RabbitWizard posted:

Open socket. Remove earth wire. Attach phase to earth connector. Go to prison for killing your neighbor after he touches any case of his appliances.

I thought of this but didn't dare post it. And yes, that would probably count as premeditated murder.

I'd wire in a variac to the line so with a turn of the dial you can drop the output voltage from 120V to, say, 80V and then up to 140V. Problem is at the lower voltage it'd probably blow the fuse in the variac. I was also thinking about a dimmer switch but that probably couldn't handle 20A or more, maybe a little soft-starter would allow you to change the voltage at will. That would cause all kinds of really nasty problems.

But seriously just call the po-co and report electricity theft.

Three-Phase fucked around with this message at 15:22 on Jan 18, 2015

Three-Phase
Aug 5, 2006

by zen death robot
Using an extension cord is amateur as hell. Real electricity thiefs just bypass the meter.

Fuckface the Hedgehog
Jun 12, 2007

Burn down your house and begin a new life living under a bridge and asking riddles of passers by. This will solve the problem of your neighbor stealing your electrics.

Pot Smoke Phoenix
Aug 15, 2007



Smoke 'em if you gottem!
Dinosaur Gum
-Turn off the circuit breaker feeding the outlet.

-Obtain a 120v buzzer alarm such as this one

-UNPLUG EVERYTHING ON THE CIRCUIT

-Wire the alarm in series between the circuit breaker and the wire going to the outlets

When the electro-thief plugs anything into the outlet, the buzzer will go off waking you up. That's when you call the police.

Dave_Indeed
Feb 22, 2004

by FactsAreUseless

thathonkey posted:

I just want to prevent him from stealing my power.

You can make chloroform pretty easily with stuff from the hardware store. You could knock him out with a chloroform cloth and waterboard him when he wakes up. I recommend you take a deadblow hammer to his nutsack right before you pour the water, then cut his head off and put it in your front yard after he confesses.

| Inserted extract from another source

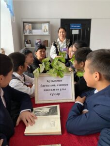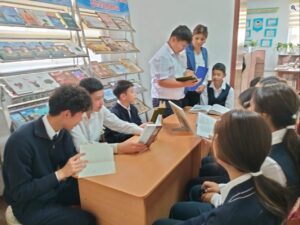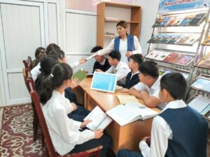 Жуалы аудандық орталық кітапханасы №1 Ш.Мұртаза атындағы мектебінің 8″В’ сынып оқушыларының қатысуымен «Жұмекен — қазақ поэзиясының алтын сандығы» атты дөңгелек үстел өтті.

Rape his headless corpse then throw it in the school bus horror chamber buried under your back yard. That's a Sunday afternoon right there.

Guavanaut
Nov 27, 2009

Looking At Them Tittys
1969 - 1998



Toilet Rascal

Three-Phase posted:

I was also thinking about a dimmer switch but that probably couldn't handle 20A or more, maybe a little soft-starter would allow you to change the voltage at will. That would cause all kinds of really nasty problems.
You could build a huge dimmer switch circuit using a pair of stud SCRs and gate drivers.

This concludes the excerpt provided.